» **Exercise description**: An exact reproduction of all the data is needed, with no images in it.
____________________
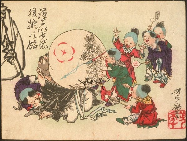 Tsukioka Yoshitoshi created this woodblock print, Yorimitsu, employing a striking composition of dynamic lines, contrasting colors and dramatic tension. The print captures a moment of intense action as the warrior Yorimitsu confronts a monstrous figure. Notice how the artist uses bold outlines and flat planes of color to define the figures and objects, typical of the ukiyo-e style. The exaggerated features and vibrant palette enhance the dramatic narrative, drawing our eyes to the confrontation between the hero and the supernatural being. Yorimitsu's dynamic pose, with his sword raised high, is juxtaposed against the grotesque form of the monster, creating a sense of imbalance and unease. Consider how the composition, with its off-center arrangement and contrasting forms, challenges traditional notions of beauty and harmony. The print invites us to question fixed categories and explore the boundaries between the human and the monstrous. It is a dynamic interplay between form, color, and narrative, reflecting broader philosophical concerns about the nature of reality and representation.
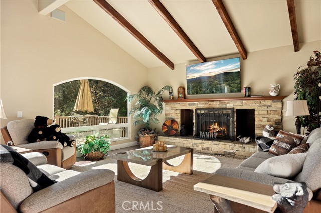 Welcome to this beautiful golf course frontage home, perfectly positioned at the end of a quiet cul-de-sac on the 15th Fairway. This sought-after Thunderbird floorplan offers an inviting open-concept design with vaulted, beamed ceilings and expansive windows that frame serene treed views and flood the home with natural light. Easy access with just a few steps to the main level, featuring the spacious living room with a stunning fireplace, an open dining...
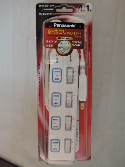 パナソニック 製品番 WHA25144WP4個口1m タップ接続機器を個別にON OFF できます。スイッチは防水仕様安全設計扉 パッキン付コンセント スナップキャップ付合計 1500ワット まで
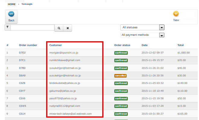 HikamarketのOrder ListのCustomerにユーザー名(メールアドレスを使用)が表示されています。
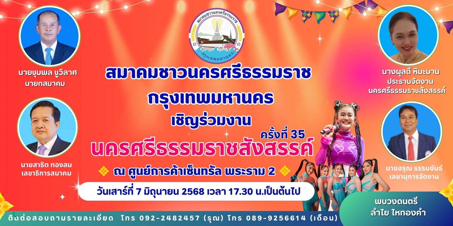 สมาคมชาวนครศรีธรรมราช กรุงเทพมหานคร ในนามของ คณะกรรมการบริหาร ที่ปรึกษากิตติมศักดิ์ คณะทำงาน ขอกราบขอบพระคุณ นายอารี ไกรนรา เลขานุการรัฐมนตรีว่าการกระทรวงแรงงาน และ ประธานที่ปรึกษากิตติมศักดิ์ สมาคมชาวนครศรีธรรรมราช กรุงเทพมหานคร นายสมชาย ลีหล้าน้อย ผู้ว่าราชการจังหวัดนครศรีธรรมราช ประธานเปิดงาน พล.ต.อ.สุนทร ซ้ายขวัญ อดีตรักษาการผู้บัญชาการตำรวจแห่งชาติ และ อดีตนายกสมาคมชาวปักษ์ในพระบรมราชูปถัมภ์ นายถวิล ไพรสณฑ์ อดีตรัฐมนตรีว่าการทบวงมหาวิทยาลัย ปลัด ชุ้น ณัฐเดช กังสุกุล ปลัดจังหวัดนนทบุรี นายทวีศักดิ์ สุทิน กรรมการสภาอุตสาหกรรมแห่งประเทศไทย ประธานสภาอุตสากรรมจังหวัดภาคกลางและปริมณฑล ประธานกรรมการบริหารกลุ่ม บริษัทปุ๋ยศักดิ์สยาม(ศักดิ์สยามกรุ๊ป) ตลอดแขกผู้หลักผู้ใหญ่ทุกๆท่านที่มาเป็นเกียรติร่วมงาน ตลอดพันธมิตร MOU นายกสมาคมและประธานชมรมต่างๆรวมถึงผู้สนับสนุนทุกๆท่านและแขกผู้มีเกียรติทุกๆท่านรวมทั้งเพื่อนพ้องน้องพี่ ที่ให้เกียรติกับทางสมาคมชาวนครศรีธรรมราช กรุงเทพมหานคร ในงานนครศรีธรรมราชสังสรรค์ ครั้งที่ 35 เมื่อวันเสาร์ ที่ 7 มิถุนายน 2568 ณ ศูนย์การค้าเซ็น
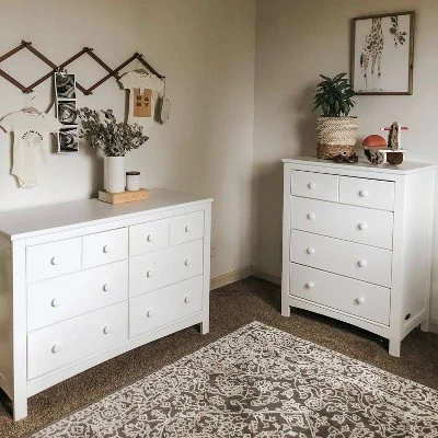 The Graco Benton 6-Drawer Double Dresser is a universal, space-saving dresser that will elevate the look of your nursery or bedroom. The Benton features a new, easy, time-saving assembly process that involves less steps and tools. The Benton’s top two drawers provides parents with easy access to frequently used nursery items, while the 4 deeper organizer drawers provide plenty of storage space. Also, the Benton’s universal design means that it will coordinate with any nursery, no matter your style. Like all Graco dressers and chests, the Benton 6 Drawer Dresser is expert tested to meet all applicable federal safety standards for the category to ensure the safest environment for your child and is compliant with anti-tipping standards. Constructed with high-quality wood and composites and featuring durable steel drawer hardware, this Graco dresser is built to last and provide years of use.
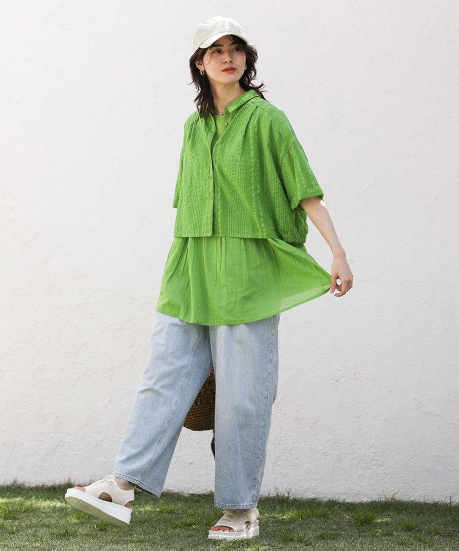 ③ショート丈シャツ+長めインナーで、トレンドも抑えつつ体型カバーが叶う◎
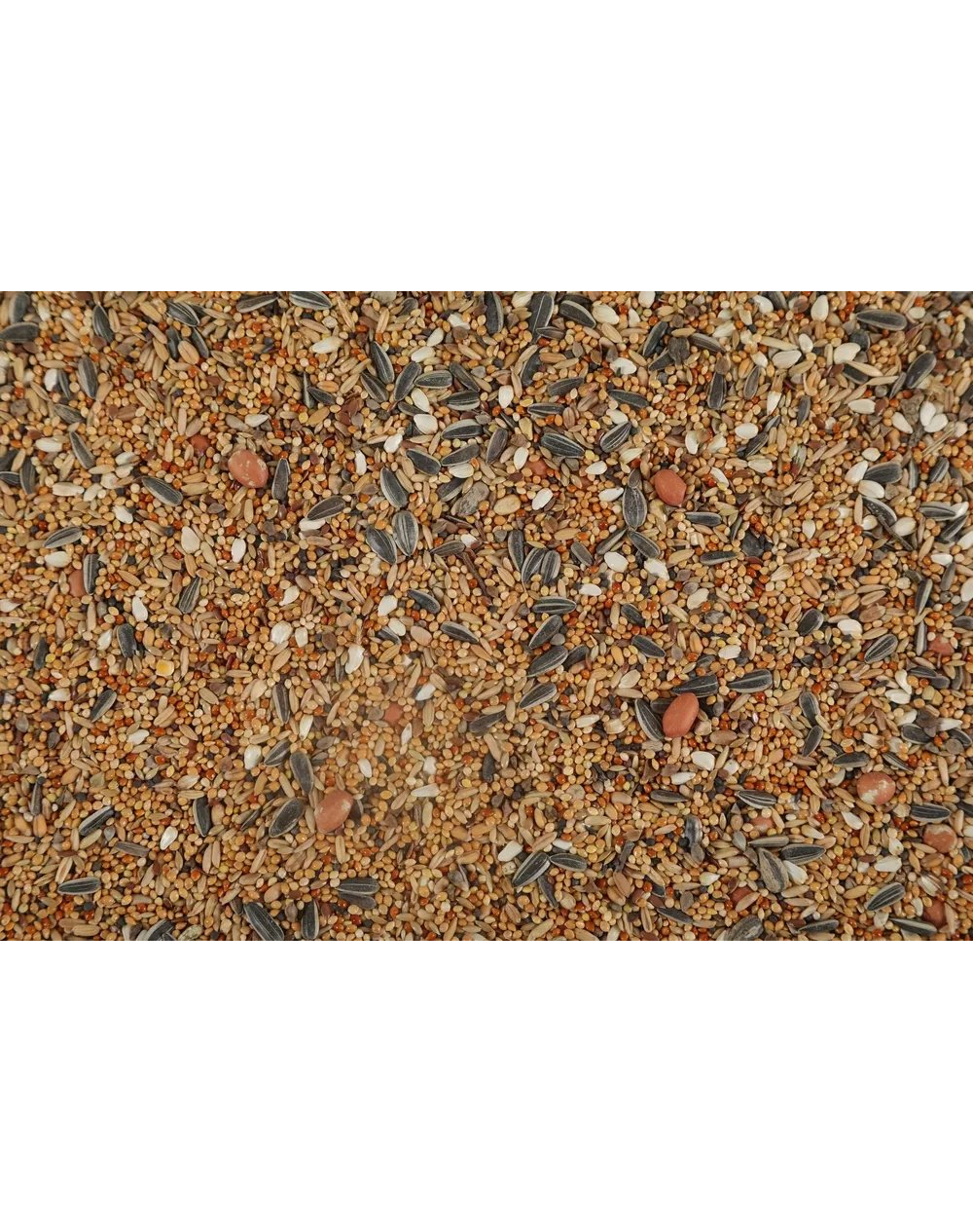 Mei 50% (mei galben, mei alb, mei roșu), semințe de șofrănel, semințe de hrișcă, ovăz decorticat, iarbă de canar, semințe de niger, semințe de floarea-soarelui, grâu, semințe de rapiță, semințe de in, orez nedecorticat, arahide decorticate, ulei de rapiță.
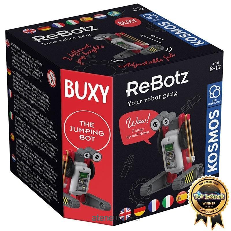 Niesamowite, jak ten mały robot skacze dziko po pokoju i zaskakuje wszystkich swoimi brawurowymi sztuczkami! Wyposażony w gumkę i silnik, dziki Buxy jest nie do powstrzymania! Dzieci w wieku od 8 do 12 lat szybko łączą ze sobą poszczególne części, wkładają silnik i umieszczają baterie w komorze - jasne instrukcje podpowiadają, jak to zrobić. Możliwe są zabawne eksperymenty z różnymi wysokościami skoku! Ale robi się jeszcze zabawniej, gdy części ciała Skaczącego Robota zostaną zamienione z częściami jego trzech przyjaciół! Gang robotów z KOSMOS - 4 boty ze złomowiska, które tchną nowe życie w stare części, z których są zrobione. Z fajnymi naklejkami, które sprawiają, że ReBotz wygląda jeszcze bardziej szalenie!
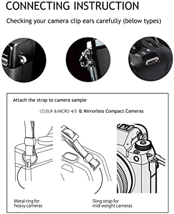 ◆CONNECTING INSTRUCTION◆ Supplied with a pair of firmly metal ring attachments for connecting with cameras have round hole ears. Also the nylon belt can connect through strip or triangle clip ears. 【Checking your camera clip ears carefully before buying.】
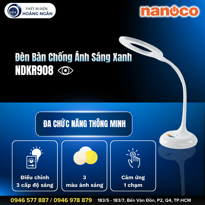 Đèn Bàn Học Chống Cận NDKR908 Nanoco chống cận với công nghệ chống ánh sáng xanh tiên tiến, giúp bảo vệ mắt tối đa khi làm việc với máy tính. Đèn cung cấp độ rọi cao lên đến 1800 lux, đảm bảo ánh sáng rõ ràng và dễ chịu trong suốt quá trình học tập và làm việc. Ngoài tăng giảm độ sáng, đèn cò mang đến 3 màu ánh sáng: 2700K (Vàng ấm), 4000K (trung tính) đến 6500K (ánh sáng trắng). Bạn có thể lựa chọn ánh sáng dễ chịu nhất. Kiểu dáng nhỏ gọn, sang trọng tăng thêm tính thẩm mỹ cho căn phòng. Tuổi thọ cao 50.000 giờ với khả năng tiết kiệm điện năng mang đến sự bền bỉ lâu dài.
____________________
» **Written answer**:
 Tsukioka Yoshitoshi created this woodblock print, Yorimitsu, employing a striking composition of dynamic lines, contrasting colors and dramatic tension. The print captures a moment of intense action as the warrior Yorimitsu confronts a monstrous figure. Notice how the artist uses bold outlines and flat planes of color to define the figures and objects, typical of the ukiyo-e style. The exaggerated features and vibrant palette enhance the dramatic narrative, drawing our eyes to the confrontation between the hero and the supernatural being. Yorimitsu's dynamic pose, with his sword raised high, is juxtaposed against the grotesque form of the monster, creating a sense of imbalance and unease. Consider how the composition, with its off-center arrangement and contrasting forms, challenges traditional notions of beauty and harmony. The print invites us to question fixed categories and explore the boundaries between the human and the monstrous. It is a dynamic interplay between form, color, and narrative, reflecting broader philosophical concerns about the nature of reality and representation.
 Welcome to this beautiful golf course frontage home, perfectly positioned at the end of a quiet cul-de-sac on the 15th Fairway. This sought-after Thunderbird floorplan offers an inviting open-concept design with vaulted, beamed ceilings and expansive windows that frame serene treed views and flood the home with natural light. Easy access with just a few steps to the main level, featuring the spacious living room with a stunning fireplace, an open dining...
 パナソニック 製品番 WHA25144WP4個口1m タップ接続機器を個別にON OFF できます。スイッチは防水仕様安全設計扉 パッキン付コンセント スナップキャップ付合計 1500ワット まで
 HikamarketのOrder ListのCustomerにユーザー名(メールアドレスを使用)が表示されています。
 สมาคมชาวนครศรีธรรมราช กรุงเทพมหานคร ในนามของ คณะกรรมการบริหาร ที่ปรึกษากิตติมศักดิ์ คณะทำงาน ขอกราบขอบพระคุณ นายอารี ไกรนรา เลขานุการรัฐมนตรีว่าการกระทรวงแรงงาน และ ประธานที่ปรึกษากิตติมศักดิ์ สมาคมชาวนครศรีธรรรมราช กรุงเทพมหานคร นายสมชาย ลีหล้าน้อย ผู้ว่าราชการจังหวัดนครศรีธรรมราช ประธานเปิดงาน พล.ต.อ.สุนทร ซ้ายขวัญ อดีตรักษาการผู้บัญชาการตำรวจแห่งชาติ และ อดีตนายกสมาคมชาวปักษ์ในพระบรมราชูปถัมภ์ นายถวิล ไพรสณฑ์ อดีตรัฐมนตรีว่าการทบวงมหาวิทยาลัย ปลัด ชุ้น ณัฐเดช กังสุกุล ปลัดจังหวัดนนทบุรี นายทวีศักดิ์ สุทิน กรรมการสภาอุตสาหกรรมแห่งประเทศไทย ประธานสภาอุตสากรรมจังหวัดภาคกลางและปริมณฑล ประธานกรรมการบริหารกลุ่ม บริษัทปุ๋ยศักดิ์สยาม(ศักดิ์สยามกรุ๊ป) ตลอดแขกผู้หลักผู้ใหญ่ทุกๆท่านที่มาเป็นเกียรติร่วมงาน ตลอดพันธมิตร MOU นายกสมาคมและประธานชมรมต่างๆรวมถึงผู้สนับสนุนทุกๆท่านและแขกผู้มีเกียรติทุกๆท่านรวมทั้งเพื่อนพ้องน้องพี่ ที่ให้เกียรติกับทางสมาคมชาวนครศรีธรรมราช กรุงเทพมหานคร ในงานนครศรีธรรมราชสังสรรค์ ครั้งที่ 35 เมื่อวันเสาร์ ที่ 7 มิถุนายน 2568 ณ ศูนย์การค้าเซ็น
 The Graco Benton 6-Drawer Double Dresser is a universal, space-saving dresser that will elevate the look of your nursery or bedroom. The Benton features a new, easy, time-saving assembly process that involves less steps and tools. The Benton’s top two drawers provides parents with easy access to frequently used nursery items, while the 4 deeper organizer drawers provide plenty of storage space. Also, the Benton’s universal design means that it will coordinate with any nursery, no matter your style. Like all Graco dressers and chests, the Benton 6 Drawer Dresser is expert tested to meet all applicable federal safety standards for the category to ensure the safest environment for your child and is compliant with anti-tipping standards. Constructed with high-quality wood and composites and featuring durable steel drawer hardware, this Graco dresser is built to last and provide years of use.
 ③ショート丈シャツ+長めインナーで、トレンドも抑えつつ体型カバーが叶う◎
 Mei 50% (mei galben, mei alb, mei roșu), semințe de șofrănel, semințe de hrișcă, ovăz decorticat, iarbă de canar, semințe de niger, semințe de floarea-soarelui, grâu, semințe de rapiță, semințe de in, orez nedecorticat, arahide decorticate, ulei de rapiță.
 Niesamowite, jak ten mały robot skacze dziko po pokoju i zaskakuje wszystkich swoimi brawurowymi sztuczkami! Wyposażony w gumkę i silnik, dziki Buxy jest nie do powstrzymania! Dzieci w wieku od 8 do 12 lat szybko łączą ze sobą poszczególne części, wkładają silnik i umieszczają baterie w komorze - jasne instrukcje podpowiadają, jak to zrobić. Możliwe są zabawne eksperymenty z różnymi wysokościami skoku! Ale robi się jeszcze zabawniej, gdy części ciała Skaczącego Robota zostaną zamienione z częściami jego trzech przyjaciół! Gang robotów z KOSMOS - 4 boty ze złomowiska, które tchną nowe życie w stare części, z których są zrobione. Z fajnymi naklejkami, które sprawiają, że ReBotz wygląda jeszcze bardziej szalenie!
 ◆CONNECTING INSTRUCTION◆ Supplied with a pair of firmly metal ring attachments for connecting with cameras have round hole ears. Also the nylon belt can connect through strip or triangle clip ears. 【Checking your camera clip ears carefully before buying.】
 Đèn Bàn Học Chống Cận NDKR908 Nanoco chống cận với công nghệ chống ánh sáng xanh tiên tiến, giúp bảo vệ mắt tối đa khi làm việc với máy tính. Đèn cung cấp độ rọi cao lên đến 1800 lux, đảm bảo ánh sáng rõ ràng và dễ chịu trong suốt quá trình học tập và làm việc. Ngoài tăng giảm độ sáng, đèn cò mang đến 3 màu ánh sáng: 2700K (Vàng ấm), 4000K (trung tính) đến 6500K (ánh sáng trắng). Bạn có thể lựa chọn ánh sáng dễ chịu nhất. Kiểu dáng nhỏ gọn, sang trọng tăng thêm tính thẩm mỹ cho căn phòng. Tuổi thọ cao 50.000 giờ với khả năng tiết kiệm điện năng mang đến sự bền bỉ lâu dài.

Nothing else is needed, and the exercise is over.